For the time being, the specter of Brexit continues to loom over the parliament, and because of the latest extension it’s not even clear how many MEPs there will be after the election. The number and distribution of MEPs had been changed in anticipation of the UK departing, but now that will have to be shelved. And not to forget: MEPs will have to approve any final Brexit deal.
(5) The Great Hassle
With or without Britain, one thing is not going to change for the new European Parliament: MEPs will continue to split their time between the French city of Strasbourg and Brussels.

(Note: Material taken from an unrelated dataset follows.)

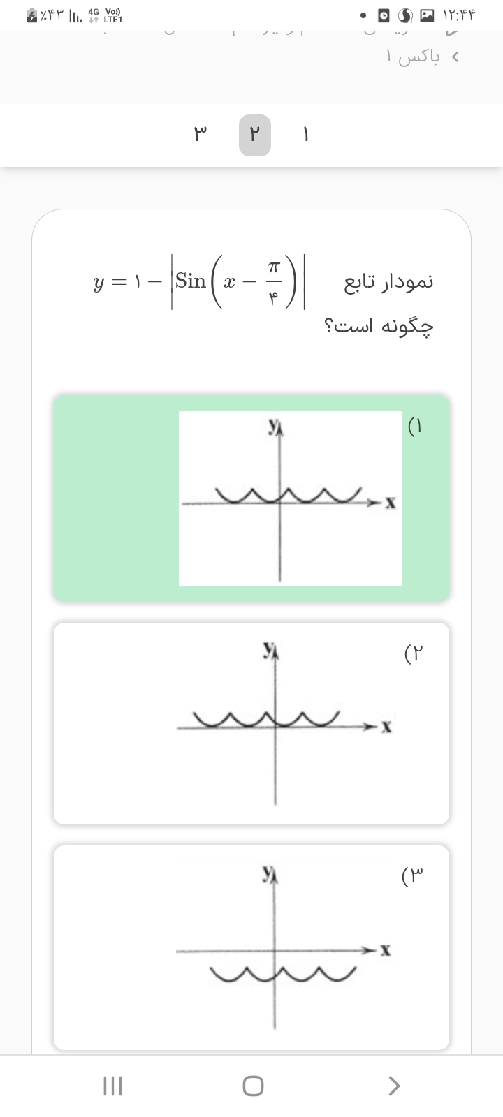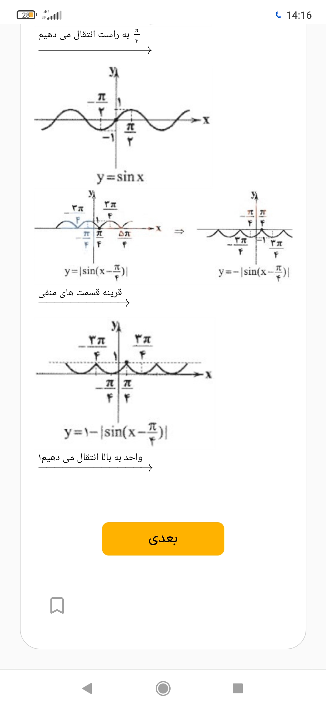 میشه تو ضیح بدین وقتی y=|sin (x _π\4) همه نموداره به سمت بالا میره

The treaties stipulate that the parliament’s seat is in Strasbourg, but in 1985 MEPs unilaterally built themselves a new home in Brussels in order to be with the other two EU institutions and not be shut out of decision-making. France took the parliament to court, and a compromise was reached, whereby MEPs must spend one week a month in Strasbourg.
Recently, CDU leader Annegret Kramp-Karrenbauer, possibly the next German chancellor, dared to suggest dropping Strasbourg. Most national governments would probably be happy to agree—but certainly not France, champion of the city of Strasbourg and its flourishing hotel and restaurant trade. And as changing the seat of the parliament would need a change to the European treaties, unanimity is required.
In other words, the “traveling circus” will continue, and new MEPs had better get used to that quickly.